Aunque Don Julián era, sobre todo,  lujurioso, y gustaba de ejercer las artes de la seducción  y buscar el más difícil todavía y, así, las casadas, eran su pieza preferida, por la dificultad y el riesgo  que con ellas   entrañaba  el lance, lo que hacía que su deleite, al culminar la faena,  fuere sublime. A más de una había levantado las faldas de modo furtivo y, según hablaban lenguas maledicentes, había por el pueblo  más de un zagal con sus apariencias pero con el apellido de algotro.

 

II.- El capitán Suárez nunca olvidaría el  23 de septiembre de 1.938; ese día  tuvo el honor de tomar su propio pueblo, Torresbermejas, y liberarlo, sin pegar un solo tiro,  de la dominación republicana. Llevaba 12 meses de campaña, jugándose el pellejo por los campos de batalla, y  sin ver a los suyos: ni a su mujer, ni a sus padres, ni a sus hermanos. Y a todos encontró sanos y salvos: cierto que los hermanos se habían salvado por emboscarse en la cámara y emparedarse en una habitación simulada durante meses pero, a la postre, lo que importaba es que estaban vivos. 

Lo primero que hizo ese 23 de septiembre de 1.938 fue ducharse con agua caliente, afeitarse las barbas, que le crecían como barbechos rabiosos y luego, sin mayores prolegómenos ni delicadezas, ayuntarse con su mujer. Llevaba doce meses de continencia y la calentura lo corroía. Y, por tal motivo, tuvo para varias embestidas, antes de calmar sus lujurias.

 

III.- El capitán Suárez  tenía sus principios y se prometió   respetar la vida de todos los paisanos de Torresbermejas  y evitar las purgas y tropelías que había visto cometer en  otras villas.  Una vez pacificada la situación  empezó a instruir expedientes exculpatorios  y a archivar denuncias y, quitando tres o cuatro acusados que terminaron en prisión durante algunos meses,  el resto  solventó la situación con más gloria que pena.

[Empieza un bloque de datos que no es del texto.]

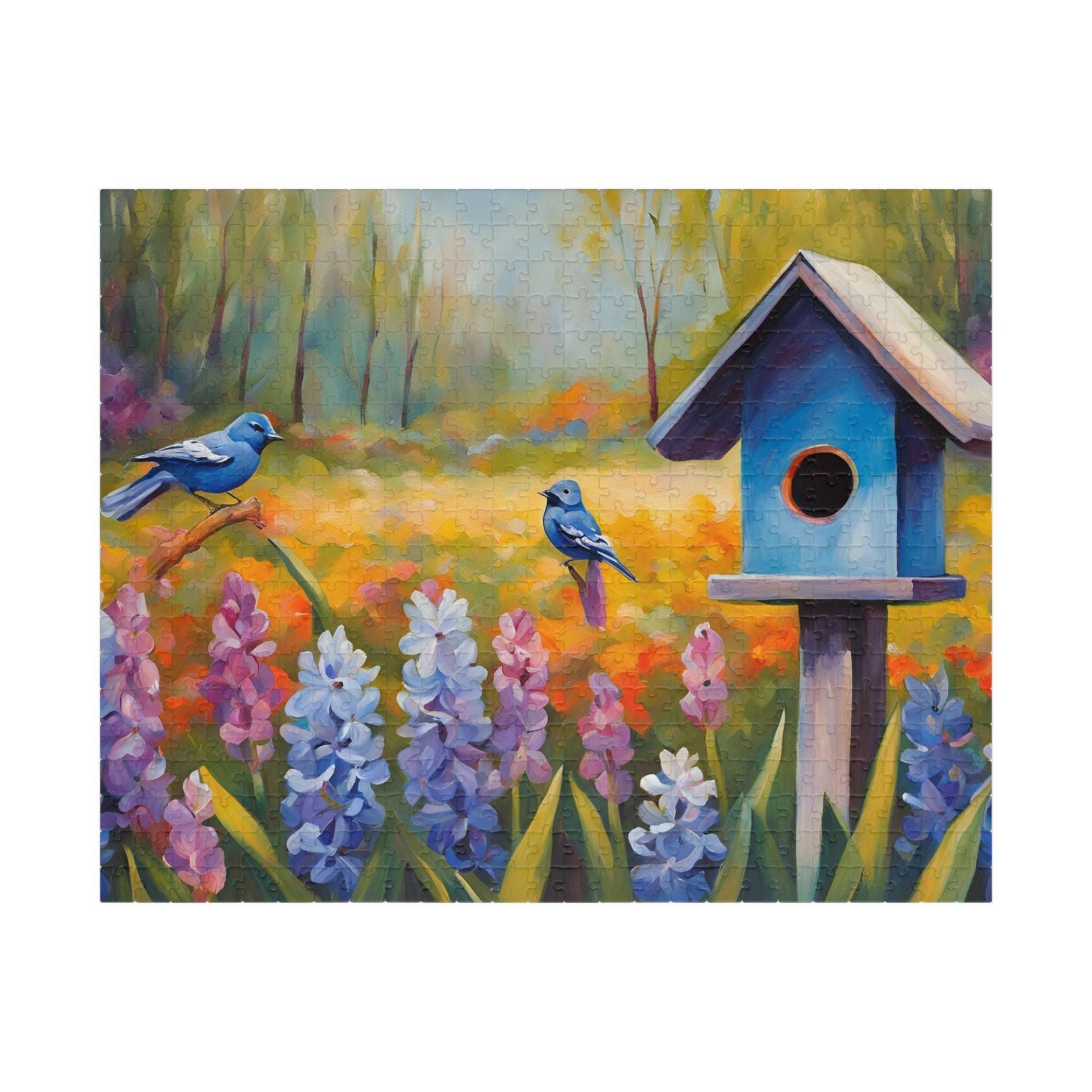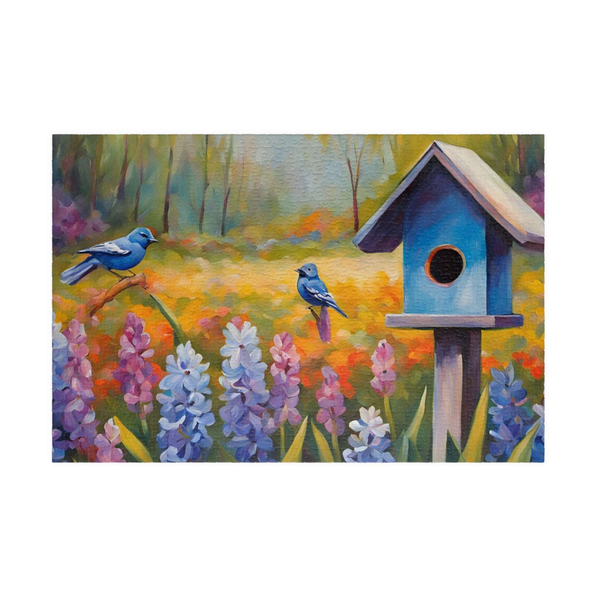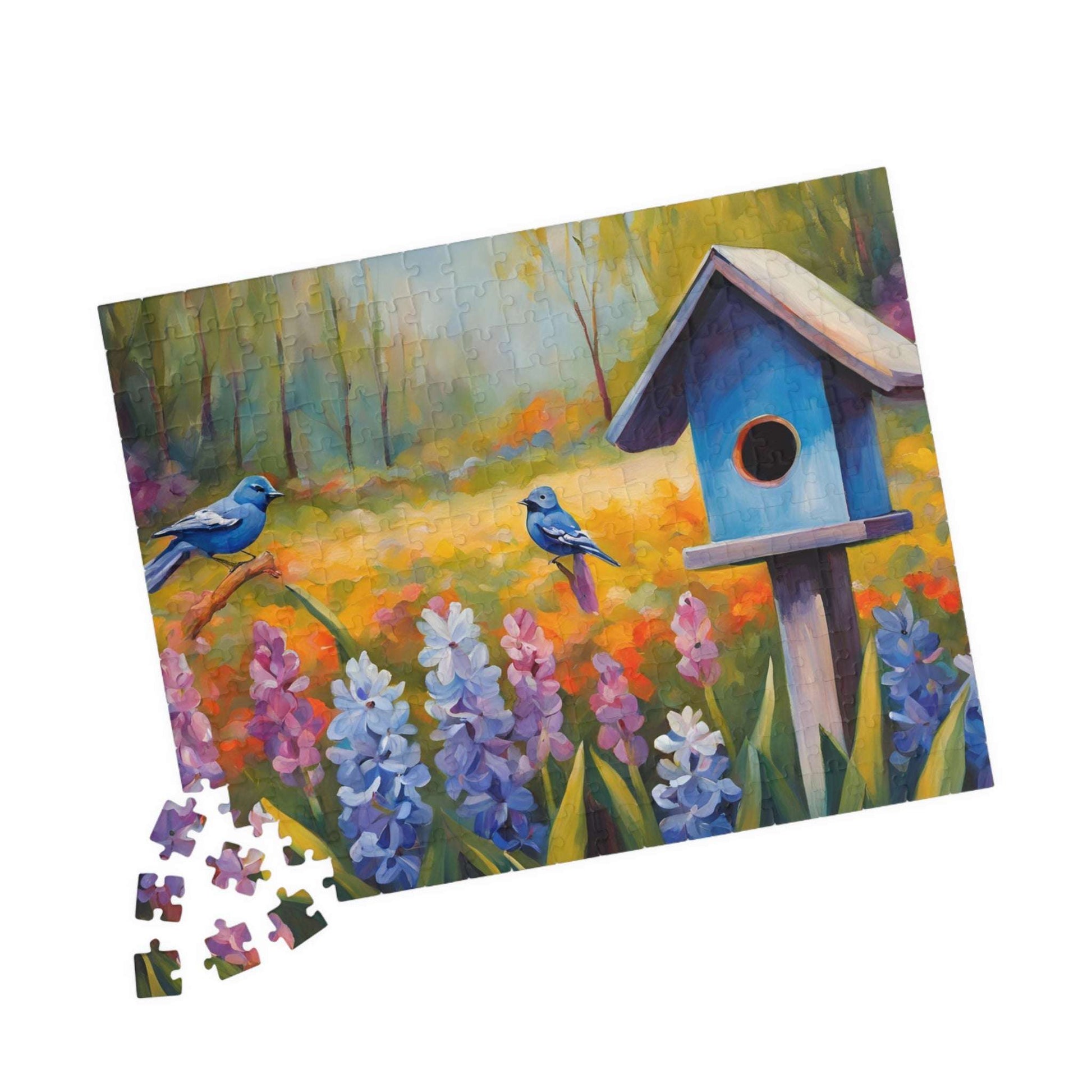 Jigsaw Puzzle, Charming Wooden Birdhouse Surrounded by Blooming Hyacinths and Birds, Mindfulness Activity, Indoor Entertainment, Family

Con la guerra ya a punto de terminar, la vida volvía a ser bella y el capitán Suárez podía disfrutar de aquellos placeres, sencillos y casi inocentes, que tanto echaba de menos. Así que, terminada su jornada, paseaba con su esposa por el parque o quedaba a tomar una copia con sus amigos de toda la vida en el casino. Allí, Don Francisco, el cura, contaba sus aventuras durante la dominación republicana, y las estratagemas y providencias que le habían permitido salvar el pellejo y, siempre, pero siempre, siempre, abrochaba sus historias refiriendo que durante los momentos más peligrosos se había encomendado a la Santísima Virgen y le había hecho solemne promesa: que si se salvaba, acudiría todos los años a la feria de Córdoba a ver las corridas de toros que se dieren.

– Y tengo que cumplirlo-, añadía sonriendo, pues en otro caso habría jurado en vano, y ello conlleva eterna condenación.

Don Julián, por su parte, hacía a todos partícipes de sus proyectos literarios y comentaba que estaba componiendo un nuevo libro: “ Oda al Caudillo”, y recitaba algunos de los sonetos que lo componían,  ante el aplauso de  todos sus amigos, salvo el capitán Suárez, que lo observaba ambiguo,  con una mirada perdida que no se sabía donde acababa.

A veces el capitán Suarez, sin dejar de mirar a Don Julián, se mordía los labios, y entre dientes bisbiseaba unas palabrejas que nadie entendía y en las que nadie reparaba pero que, a la postre, resultaron ser una trágica premonición.

Y así pasaban los días y las semanas y el personal iba hociqueando que, en lontananza, se abría un futuro de paz, un futuro de privaciones y miserias pero, al menos, sin frentes de batalla.

 

IV.-  Diario Opinión 30 de diciembre de 1.938 :

Natalicio : Doña María Fuentes  Rey, esposa del capital Don Gabriel  Suárez Gámez, ha dado a luz en Torresbermejas a un hermoso varón . Madre e hijo están en perfectas condiciones. Nuestra felicitación a la feliz madre y al bravo capitán, condecorado en varias batallas en este nuestro Glorioso Movimiento, y que actualmente tiene a su mando la plaza de Torresbermejas y bla, bla, bla…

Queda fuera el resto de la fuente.